Most of the LSGFs identified in this study are “young”, as only 1,673 of 5,525 LSGFs (30.28%) were shared by at least two of the four categories of ciliates, and 196 LSGFs (3.55%) possessing at least one representative taxon from all four categories (Fig 2). The lack of broadly ciliate-conserved LSGFs may represent a bias in the data type (i.e., transcriptome versus genome) or it may reflect a prevalence of gene loss. Disentangling these possibilities is challenging as most major clades of ciliates lack a well-annotated sequenced genome, and transcriptomic data tend to present a single life history stage (i.e., vegetative growth) for most species. This disparity is reflected in our data, as we detect a greater number of larger LSGFs in species with sequenced somatic genomes (Fig 1, S2 Table).
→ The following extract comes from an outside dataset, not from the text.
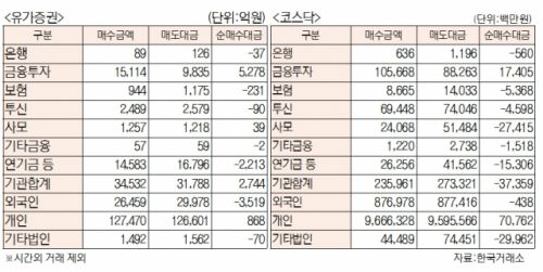 [표]유가증권 코스닥 투자주체별 매매동향( 2월 8일)

To evaluate the influence of data type (genome vs. transcriptomes), we further categorized patterns of LSGF size and membership at the class taxonomic rank. Here, classes with at least a single whole genome representative (Heterotrichea, Oligohymenophorea, Spirotrichea) tend to possess the greatest diversity of LSGFs (Fig 2 & S2 Fig in S1 File), with Spirotrichea (2,476) > Oligohymenophorea (2,020) > Heterotrichea (1,767). The imbalance in the number of annotated somatic genomes is strongest in the Oligohymenophorea (8/11 taxa with whole genomes), compared to the Spirotrichea (3/14) and Heterotrichrea (1/13). The imbalance in species with complete genome data in the Oligohymenophorea does impact the estimates of LSGF, which are generally greater in number and distinct from closely-related taxa with only transcriptomic representation (Fig 1). Despite the low representation of somatic genomes across the ciliate phylogeny, the mean LSGF sizes of the classes comprising the NEF clade are relatively small (Colpodea: 2.115, Oligohymenophorea: 2.186, Nassophorea: 1.957; S2 Table). Additionally, comparisons of mean and median LSGF size among related lineages in the NEF clade with (Oligohymenophorea) and without whole genome representation (Colpodea and Nassophorea) show no clear impact on LSGF size based on data-type (i.e., annotated whole genomes versus solely transcriptomic; p = 0.923, Kruskall-Wallis H-test). However, the inclusion of genomic datasets is more pronounced among the classes in the EF clade (Armophorea: 2.374, Litostomatea: 2.518, Spirotrichea: 1.793; S2 Table), where annotated somatic genomes are present solely in the Spirotrichea (Euplotes, Oxytricha and Stylonychia).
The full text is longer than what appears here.